# Horlick's Malted Milk Bottle



## 335crr

Can anyone help me out?  I'm wondering howo to determine if  this bottle is authentic?

 Thanks in advance for any help.  If anyone knows a value for this, I'd appreciate the info too.  Thanks!


----------



## LC

The bottle is authentic, and comes in other shapes and sizes , and some have really nice color to them . They used to be quite popular in my area some time back, especially the larger jars. Wish I still had one of the larger jars as well as the other different sizes with color to show you, but I got rid of all of mine some time back . 

 Went and did a quick search and found a picture of one of the gallon size jars for you. I would say if you did a search on Google for Horlicks , you could probably come up with some info pertaining to the history of this company. I think there is also a Horlicks jar from England as well if I remember right. Hope this helps.


----------



## capsoda

yep Louis is right, there is one from England. England is where it is from and you can order it on the internet and it is pretty good. Kind of strange drinking something after you have dug a few old bottles form the same brand. Yours is worth about 20 bucks but it you can find a lid it will bring the value up to about 50 bucks.
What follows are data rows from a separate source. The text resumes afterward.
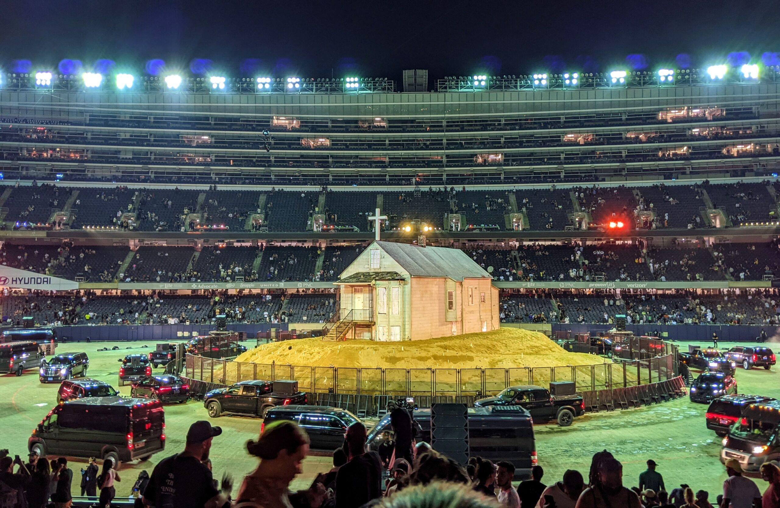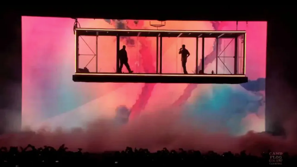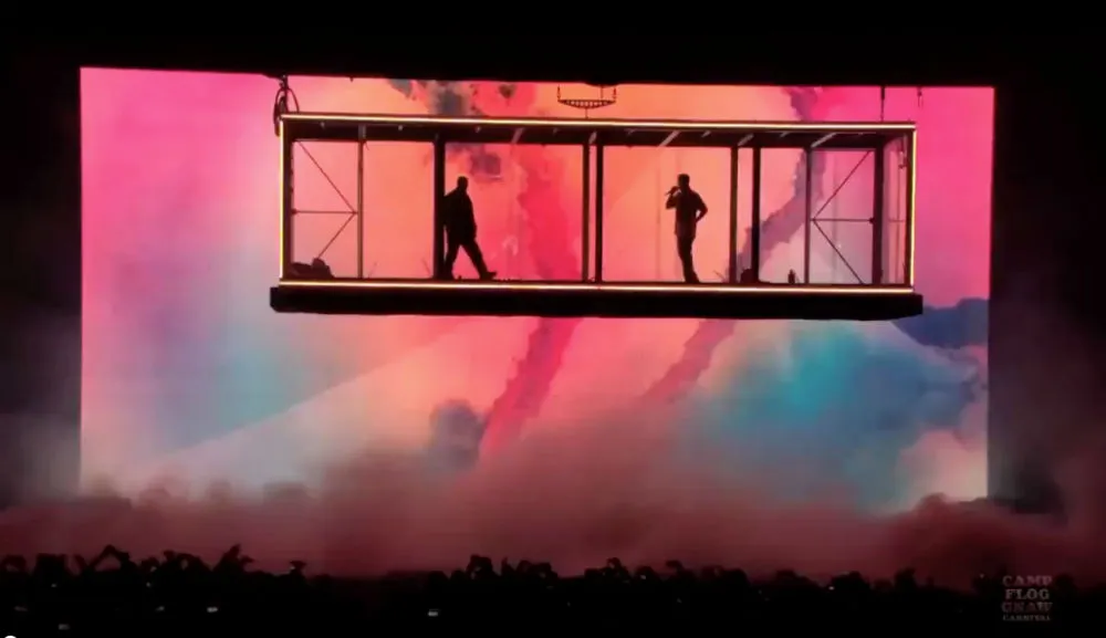Collaborating closely with creative director Eli Russell Linnetz and a team of engineers after months of intensive planning and multiple designer auditions, YE introduced a groundbreaking floating rectangular platform suspended by a complex truss and high-speed motor system. This revolutionary stage could move dynamically in all directions above the crowd, tilting, hovering just feet above fans, and creating an unprecedented sense of intimacy and god-like elevation.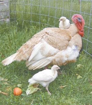 Allen started with a few birds and has built her breeding flock to 9 hens and 3 toms. The birds have rich, reddish-buff body feathers with white to light buff tail and wing feathers. Hens will reach about 14 lbs., and older toms will reach 28 lbs. Each year she sells about 50 turkeys for meat, processing them on her farm herself.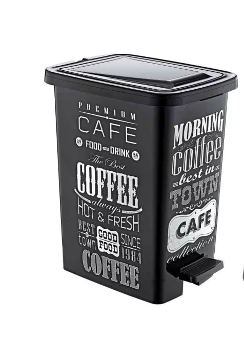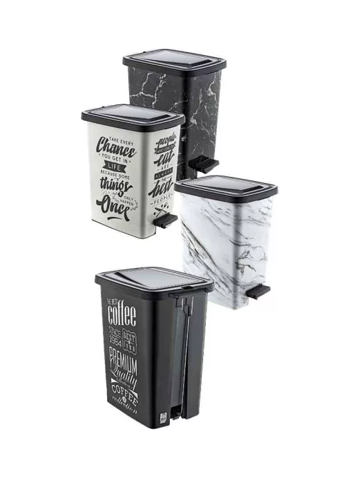Otvaranje na pedalu omogućuje korištenje bez dodira ruku, što doprinosi višoj razini higijene. Dekorativni print s modernim natpisima daje kanti poseban vizualni karakter, zbog čega nije potrebno skrivati je u ormarićima – može biti dio interijera.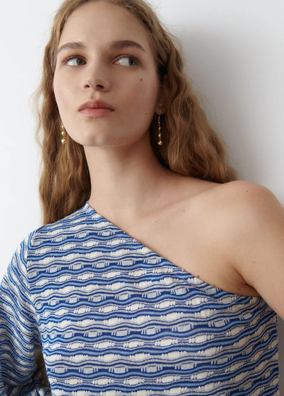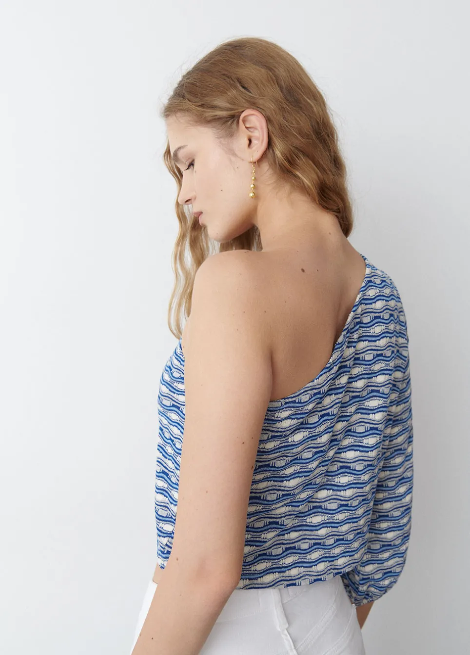 Camiseta Asimetrica Estampada Con Una Manga Larga Abullonada.Composicion: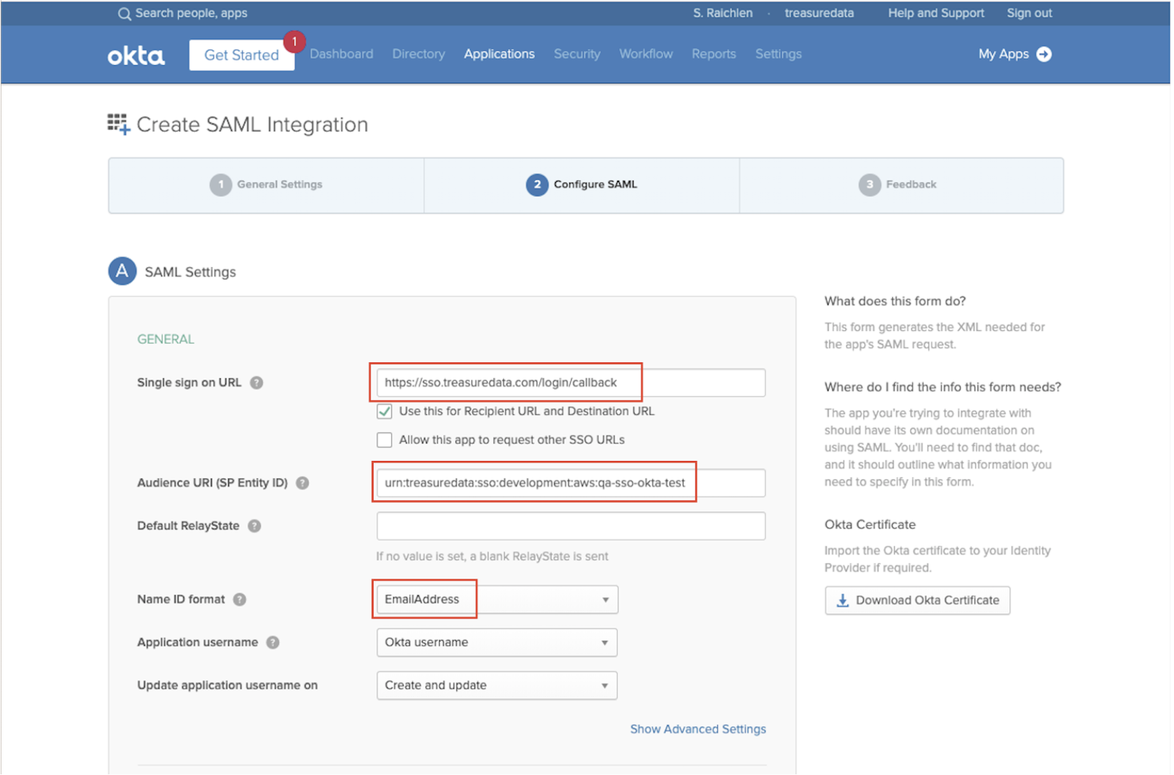 You need to ensure that the identifiers in Treasure Data match the Application usernames in Okta.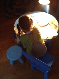 Oggi pomeriggio ha tirato fuori gli acquarelli e mi ha chiesto se poteva “isolarsi”, con le finestre chiuse e la luce della lampada puntata sul foglio.

You can do a forum search and find alot of info on them and you can order you some and try it out.


----------



## 335crr

Thanks for the info LC and Warren!! It is hugely appreciated!


----------



## logueb

Hey Cap and LC, I didn't know these were worth anthing.  Used to leave them at the dumps.   I have one somewhere with a ground lip, screw top.  I'll see if I can locate it and get  a pic.


----------



## #1twin

This is my dug bottle, light aqua with ground screw top,  w/ London Eng. on it. Hope this helps.  Marvin


----------



## druggistnut

Hey Greg,
 You'll find that the tablets bottle only comes in the one size, unless someone has seen one in a larger size, which I'd also like to see.
 The bottles come in clear, aqua and a light blue. They'll be embossed from difffernt places, as you have seen. Some will have Racine, Wisconsin, some London, England, some with both. The earlier Aqua bottles either have Racine or Slough's Bough, England embossed. I also have one with Montreal embossed, which I think is the toughest one to find. The earlier variants don't have the round company "crest" on them.
 Bill


----------



## LC

The most I ever got out of a gallon green cast Horlicks was twenty bucks logueb, and that was back in the eighties, I have no idea what one would bring today.


----------



## jane8851

Here's the one I have. Aqua, ground lip, 11" tall. It's missing the original cap but a Mason jar zinc lid fits nicely.


----------



## LC

Good looking jar Jane, the lid missing is pretty common in my area for these jars . Have seen only a very few of them with the original lid.


----------



## dollarbill

Hey 335crr
      Theres a  lot diffrent size and shape ones .I belive Cap and everones right on. The lunch table bottles are one of the better ones .Theres one that says the same thing as yours that  has like checker board embossed on the shoulders of the bottle I belive.I liked it when I 've dug mine diffrent ones.
 bill


----------



## jane8851

Anyone want my jar for $35? It's mint condition with just a little bit of swirly haze in the back inside. I don't really collect jars but it's a nice one.


----------



## Kathi

I am trying to find out the value of my Horlick's 11 inch aqua glass malted milk bottle with the original lid and the misprinted name of RLIC instead of HORLICKS at the top of the bottle?
 Thanks,
 Kathi


----------



## daisylee123

This is  really awesome to find this kind of forum with such great information! Thanks to all. I have a small Horlick's Malted Milk bottle that also says Racine Wis. U.S.A. plus simply Slough England. The bottom of the bottle has what looks like the number 11. It is 4 and 3/4" high. From the good information that I am reading in this forum, it seems like a common bottle. For interests sake, would any of you know the approximate year of this type?


----------



## carobran

Is it ground lip?


----------



## daisylee123

I am sorry. THis is new to me and I don't know what that is. Could you explain what ground lip is?


----------



## carobran

A ground lip is exactly what it sounds like.A ground lip.When they blew the jar there would be excess glass at the top,they'd chip that off then grind it smooth.It will have a whitish appearance and feel like very fine sand paper.Pictures would help.


----------



## daisylee123

The top rim looks smooth and shiny, not whitish.


----------



## carobran

Then its most likely machine made and dates to the 1920s-30s.


----------



## daisylee123

thank you so much. That is very kind and helpful.


----------



## cowseatmaize

Like drugnuttest said, it's a tablet bottle, it's not a jar so to speak. The tablets came a bit later and were easily formed with the fully automatic bottle machine. 
 I always likes the product for the variety and you could make a whole specialty of them.
 EDIT: Oops. I didn't notice the the switch in the original post. My bad.


----------